Patrick Carnegy: Wagner and the Art of the Theatre
"My book is an attempt to answer the question, 'Why is it a good thing that operas can and should be done in very different ways?"
Patrick Carnegy to The Guardian
The production of Wagner’s operas is fiercely debated. In this groundbreaking stage history Patrick Carnegy vividly evokes the—often scandalous—great productions that have left their mark not only on our understanding of Wagner but on modern theatre as a whole. He examines the way in which Wagner himself staged his works, showing that the composer remained dissatisfied with even the best of his productions.
After Wagner’s death the scenic challenge was taken up by the Swiss visionary Adolphe Appia, by Gustav Mahler and Alfred Roller in Vienna, and by Otto Klemperer and Ewald Dülberg in Berlin. In Russia the Bolsheviks reinvented Wagner as a social revolutionary, while cinema left its indelible imprint on the Wagnerian stage with Eisenstein’s Die Walküre in Moscow in 1940.
Hitler famously appropriated Wagner for his own ends. Patrick Carnegy unscrambles the interaction of politics and stage production, describing how post-war German directors sought a way to bury the uncomfortable past. The book concludes with a critique of the iconoclastic interpretations by Patrice Chéreau, Ruth Berghaus, and Hans-Jürgen Syberberg.
"People who say that Wagner knew exactly how he wanted his works produced - so what right have you to stage the Ring on Mars or down a salt mine - are wrong," he says. "Wagner was precise [in his stage directions] because the theatrical world into which he launched his works was a total mess, and the quality was very poor. The reason he took such trouble was defensive: it wasn't so much that he knew what he wanted, but he jolly well knew what he didn't want."

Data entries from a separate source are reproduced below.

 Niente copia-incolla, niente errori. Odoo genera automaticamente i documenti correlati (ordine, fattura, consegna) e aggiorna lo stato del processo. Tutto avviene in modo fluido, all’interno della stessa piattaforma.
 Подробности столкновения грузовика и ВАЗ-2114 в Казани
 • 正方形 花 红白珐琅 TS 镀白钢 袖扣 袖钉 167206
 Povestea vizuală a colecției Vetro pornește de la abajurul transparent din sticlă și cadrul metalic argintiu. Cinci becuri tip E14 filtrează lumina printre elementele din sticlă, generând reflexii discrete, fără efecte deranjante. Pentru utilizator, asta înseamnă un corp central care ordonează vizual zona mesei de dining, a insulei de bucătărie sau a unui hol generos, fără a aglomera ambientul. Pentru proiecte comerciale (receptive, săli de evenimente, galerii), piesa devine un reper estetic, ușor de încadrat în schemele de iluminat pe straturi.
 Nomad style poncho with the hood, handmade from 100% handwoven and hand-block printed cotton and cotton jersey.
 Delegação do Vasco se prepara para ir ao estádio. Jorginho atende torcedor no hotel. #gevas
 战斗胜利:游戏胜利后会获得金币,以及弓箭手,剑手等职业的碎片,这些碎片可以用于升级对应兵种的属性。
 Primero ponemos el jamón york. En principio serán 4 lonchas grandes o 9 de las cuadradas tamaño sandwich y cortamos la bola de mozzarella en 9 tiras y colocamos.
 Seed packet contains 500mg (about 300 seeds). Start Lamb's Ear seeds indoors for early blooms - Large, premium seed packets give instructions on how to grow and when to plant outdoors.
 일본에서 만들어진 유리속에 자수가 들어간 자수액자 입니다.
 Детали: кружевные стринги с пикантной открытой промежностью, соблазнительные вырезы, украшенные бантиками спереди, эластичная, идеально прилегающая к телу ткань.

Patrick Carnegy to The Guardian
Patrick Carnegy on the Bayreuth Festival
Patrick Carnegy first came to Bayreuth as a young critic in 1967. "I was bowled over," he said to The Guardian. "It was the year after Wieland Wagner had died; to be able to see his productions was a total knock-out. These bare stagings, where everything was done with lighting. The light changed with the music, and the shadows and patterns seemed as archetypal as the music itself. Nobody had done that on the stage before. I thought it was extraordinary and wonderful."